Ideas and insights from our team

Understanding Time Series Forecasting with Python


Vinta is a software studio whose focus is to produce high quality software and give clients great consulting advices to make their businesses grow. However, even though our main focus is web development, we also do our share of machine learning over here.

This article is the first of a few designed to show everything (or almost everything) you need to know about time series. It discusses what they are, how deal with them, how to choose forecast models and apply them to a real problem.

Time Series

Let’s start with time series, they are everywhere. From the total amount of rain that pours into a river per year, to stock markets, to weekly company sales, to speech recognition. But what are they?

Time series are:
               "An ordered sequence of values of a variable at equally spaced time intervals."

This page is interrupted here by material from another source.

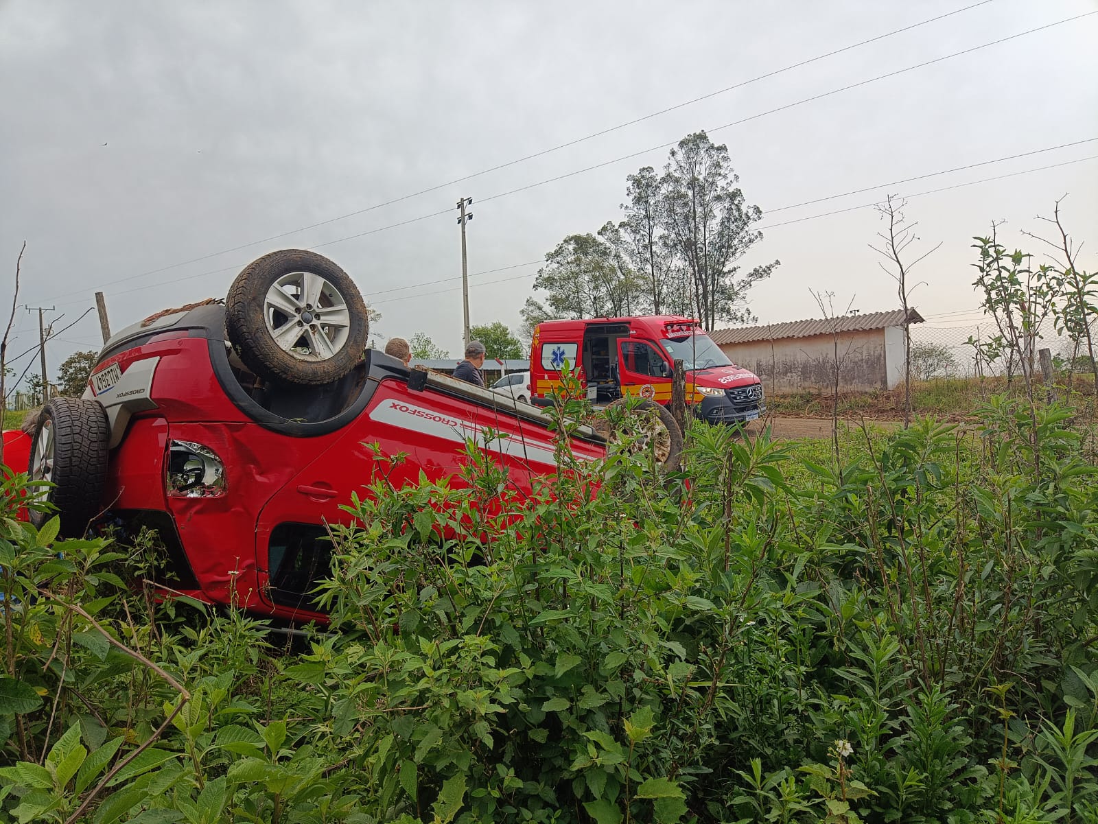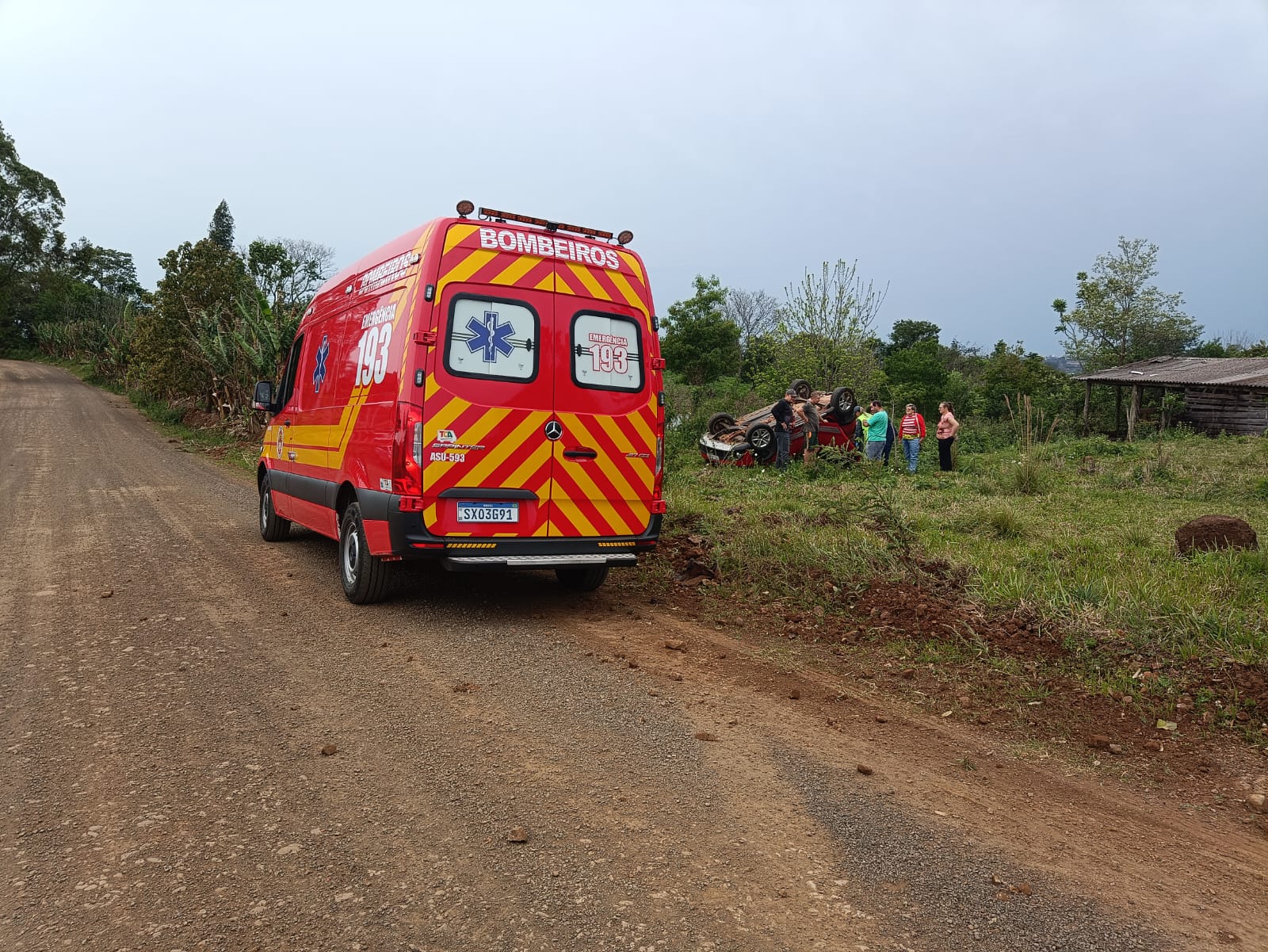 Última atualização: 2025/09/30 10:57:28O Corpo de Bombeiros Militar de Guaraciaba atendeu na manhã desta terça-feira(30), um acidente de trânsito na comunidade de Linha Alto Caçador, interior de Barra Bonita. A ocorrência, registrada às 8h32, envolveu um Volkswagen Fox que saiu da pista e capotou.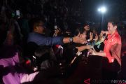 Pebulu tangkis Indonesia Liliyana Natsir (kanan) menyapa pendukung saat pesta perpisahannya di Istora Senayan, Jakarta, Minggu (27/1/2019). Peraih emas bulu tangkis pada Olimpiade Rio 2016 di nomor ganda campuran itu memutuskan pensiun usai menjalani karir selama 24 tahun. ANTARA FOTO/Akbar Nugroho Gumay/foc.

Analyzing this ordered data can reveal things that at first where not clear, such as unexpected trends, correlations and forecast trends in the future bringing a competitive advantage to anyone who uses it. For these reasons it can be applied to a wide range of fields.

A forecasting task usually involves five basic steps.

  1. Problem definition.
  2. Gathering information.
  3. Preliminary (exploratory) analysis.
  4. Choosing and fitting models.
  5. Using and evaluating a forecasting model.

We will go through all of them while analyzing bitcoin’s price.


1. Problem definition.

In this post the problem to be exploited will be: what’s gonna be bitcoin’s price in the near future. How to forecast a high-risk asset, whose price can unpredictably increase or decrease over a short period of time, and that can also be influenced by a wide range of factors?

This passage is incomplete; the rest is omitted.